Marty watched some Mickey while he ate until my Woadie cat walked by and the chase began. Woadie is a tolerant cat because he loves being the center of attention. That cat will do almost anything to be watched including Marty’s not-so-gentle pats.

Eventually Marty made it to my room where he always goes to look at a picture of my family taken when his mom was about 10. He always points to her first then Uncle Ryan, Aunt Holly and finally me. This time before leaving he noticed my grand collection of jewelry-making beads. He smiled and pointed but I told him those were Grammy’s. He was pretty insistent about looking at the beads so I placed a red velvet box on the floor that contained large handmade oblong beads. Quite heavy, I thought they could withstand small hands. Marty sat on the floor to play his favorite game, TOPI (Take Out, Put In). He loves all things repetitious like his train going round and round or TOPI over and over and over.

There was a long game of TOPI until I noticed the beads getting chipped. Luckily Woadie slowly walked by and the chase was on again. After a little walk in the yard, we came in and I cleaned up the lunch dishes. When I stepped back in the living room, here came a smiling Marty carrying a large container of beads with a sliding top (and it was sliding). Only about 50 beads dropped to the floor–time for another game of TOPI!

With the beads all picked up, I thought we could work on his pouring skills. I showed him what to do with the container of loose beads and a plastic measuring cup. Success! He was so careful and so proud of his new skill! He really concentrated and time ticked away. His father would pick him up soon, I needed to get Marty’s attention away from the beads or he would never go home. I set up his blocks which he went and inspected. He came looking for his beads but the container was no longer where he left it.

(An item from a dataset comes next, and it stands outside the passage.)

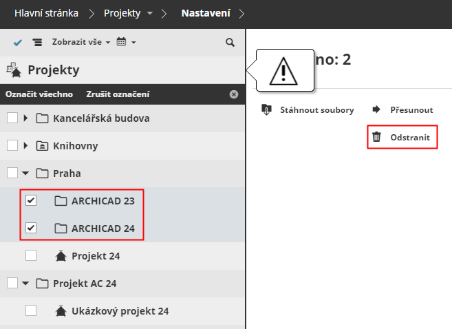 BIMcloud Basic podporuje ve složce projektů pouze jednu úroveň složek.

He ran from the room straight for my heavy wood coffee table. He banged his head and fell to the floor.I was broken-hearted he felt so disappointed! I wished I had communicated so he understood it was time to put the beads away.

I do not know why he bangs his head on things==sometimes he just uses his hands, smacking this temples in frustration. He has not learned coping mechanisms nor is he able to verbalize yet. I wonder if there is some static noise he is trying to quiet when he gets upset. Something we need to work on.